OpenTelemetry Metrics for Swift

This document covers the OpenTelemetry Metrics API for Swift, including how to create instruments (Counter, Histogram, Gauge) and configure them with labels.

Prerequisites

Before you start, make sure you have configured OpenTelemetry Swift to export data to Uptrace.

If you are not familiar with metrics terminology like timeseries or additive/synchronous/asynchronous instruments, read the introduction to OpenTelemetry Metrics first.

Getting started

To get started with metrics, you need a MeterProvider which you can use to create meters:

swift
import OpenTelemetryApi

let meter = OpenTelemetry.instance.meterProvider.get(
    instrumentationName: "MyApp",
    instrumentationVersion: "1.0.0"
)

Using the meter, you can create instruments to measure performance.
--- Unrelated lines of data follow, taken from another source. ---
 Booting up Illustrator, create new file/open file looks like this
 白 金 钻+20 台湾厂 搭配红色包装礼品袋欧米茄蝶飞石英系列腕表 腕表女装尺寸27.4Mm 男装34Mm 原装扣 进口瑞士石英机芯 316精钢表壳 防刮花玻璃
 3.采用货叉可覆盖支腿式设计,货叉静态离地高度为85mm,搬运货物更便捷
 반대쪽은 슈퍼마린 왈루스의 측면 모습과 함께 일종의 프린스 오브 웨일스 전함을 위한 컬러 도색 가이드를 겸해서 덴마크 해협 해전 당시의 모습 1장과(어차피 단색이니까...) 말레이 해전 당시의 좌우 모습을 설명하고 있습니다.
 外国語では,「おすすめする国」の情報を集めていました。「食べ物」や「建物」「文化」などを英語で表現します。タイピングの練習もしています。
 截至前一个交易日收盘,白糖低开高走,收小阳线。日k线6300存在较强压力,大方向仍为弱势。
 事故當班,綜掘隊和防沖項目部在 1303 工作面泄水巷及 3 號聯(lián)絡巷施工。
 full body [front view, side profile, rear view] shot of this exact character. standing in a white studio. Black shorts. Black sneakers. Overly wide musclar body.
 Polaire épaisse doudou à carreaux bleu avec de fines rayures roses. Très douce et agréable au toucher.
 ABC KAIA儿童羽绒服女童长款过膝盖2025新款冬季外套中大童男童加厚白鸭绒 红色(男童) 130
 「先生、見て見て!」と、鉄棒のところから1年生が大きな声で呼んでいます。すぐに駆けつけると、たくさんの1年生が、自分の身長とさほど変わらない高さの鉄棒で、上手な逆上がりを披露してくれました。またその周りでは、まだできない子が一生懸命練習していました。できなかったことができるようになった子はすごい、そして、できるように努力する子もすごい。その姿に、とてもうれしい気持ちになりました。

A simple Counter looks like this:

swift
let counter = meter.createIntCounter(name: "app.requests_total")

// Increment the counter
counter.add(value: 1, labels: ["method": "GET", "status": "200"])

Counter

Counter is a synchronous instrument that measures additive non-decreasing values.

swift
// Create an integer counter
let requestCounter = meter.createIntCounter(name: "http.requests_total")

// Increment by 1
requestCounter.add(value: 1, labels: ["method": "GET", "endpoint": "/api/users"])

// Increment by more
requestCounter.add(value: 5, labels: ["method": "POST", "endpoint": "/api/orders"])

Counter with labels

Labels allow you to slice and filter metrics:

swift
let cacheCounter = meter.createIntCounter(name: "cache.operations_total")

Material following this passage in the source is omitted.